What the task asks — Exact copy, no pictures: return only the lines below from the line with "瑞士超最新夺冠赔率:伯尔尼年轻人第一,草蜢第六 ..." up to and including the line with "品川・大田おさんぽマルシェは".

Input data —
-------

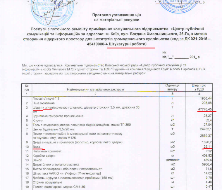 Ко всем подписанным договорам на строительство вместо указания четких объемов работ прилагается один и тот же протокол согласования цен. Так, в договоре на штукатурные работы в прайсе указана цена шурупов в почти 50 тысяч за тонну, а также вода — по цене 29 грн за куб. К чему для штукатурки стен закупать тонну шурупов, и уж тем более, зачем покупать воду, если в помещении имеется собственный водопровод, в тендерной документации не указано.
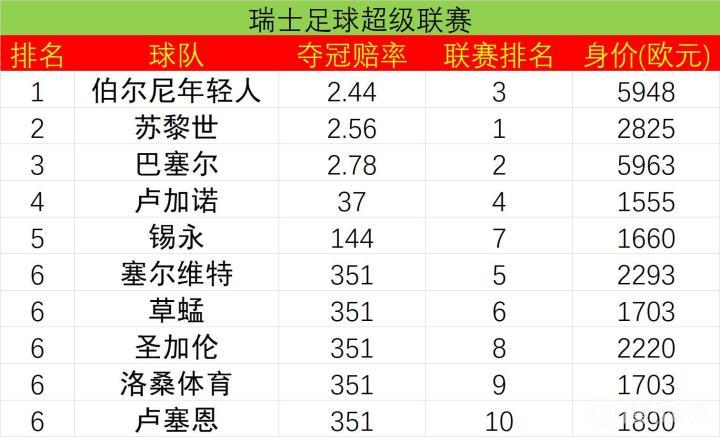 瑞士超最新夺冠赔率:伯尔尼年轻人第一,草蜢第六 ...
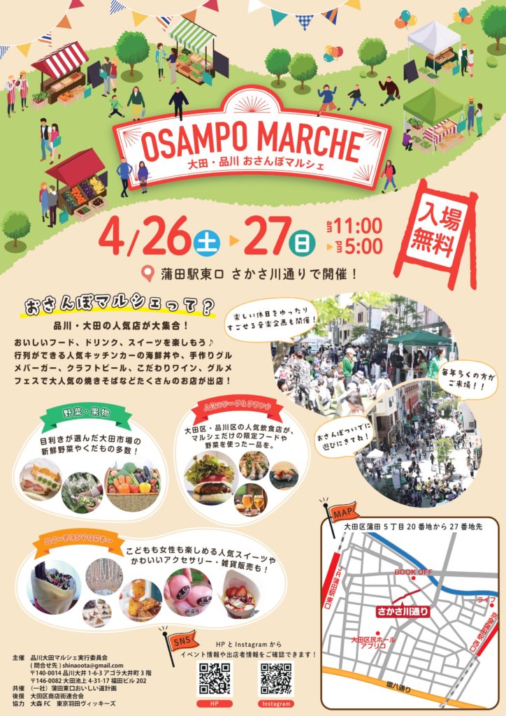 品川・大田おさんぽマルシェは、ちょっと足を延ばせば行ける距離にあるのに、普段の生活の中では行く機会が無いお店を紹介するマルシェです。
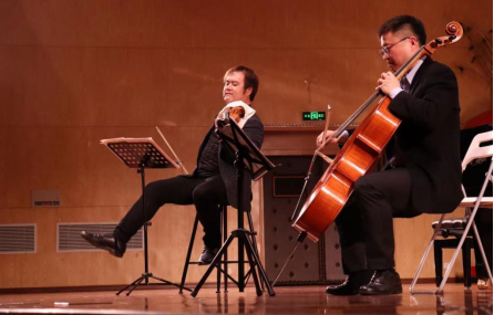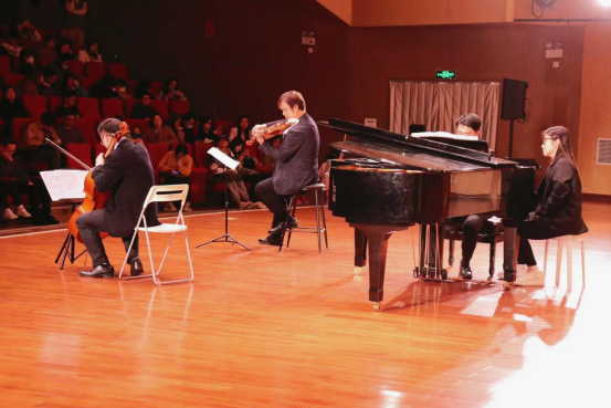 4月27日晚19:00,为提高全校师生美育素养,共享美育工作成果,“南望未来,艺熠星空--世界经典室内乐作品专场音乐会”在北区音乐厅隆重举行。中国地质大学(武汉校长王焰新院士、校党委书记黄晓玫教授等多位领导莅临音乐会现场。Beat365正版唯一官网必一Beat365正版唯一官网必一教授、小提琴中提琴演奏家、圣彼得堡国立音乐学院博士、“地大学者”王凯平教授,联合湖南师范音乐学院教授、俄罗斯音乐艺术学科博士、青年大提琴演奏家陈果教授,以及湖南科技大学校聘副教授、俄罗斯圣彼得堡国立音乐学院钢琴独奏、室内乐演奏双博士、旅俄青年钢琴演奏家彭斯特副教授,一同向我们呈现了一场精彩绝伦的视听盛宴。整场音乐会持续一个半小时,分为上、下两场,分别演奏了《拉赫玛尼诺夫g小调钢琴三重奏》与《柴可夫斯基a小调钢琴三重奏》两首知名室内乐作品。

-------

Result of this task —
 瑞士超最新夺冠赔率:伯尔尼年轻人第一,草蜢第六 ...
 品川・大田おさんぽマルシェは、ちょっと足を延ばせば行ける距離にあるのに、普段の生活の中では行く機会が無いお店を紹介するマルシェです。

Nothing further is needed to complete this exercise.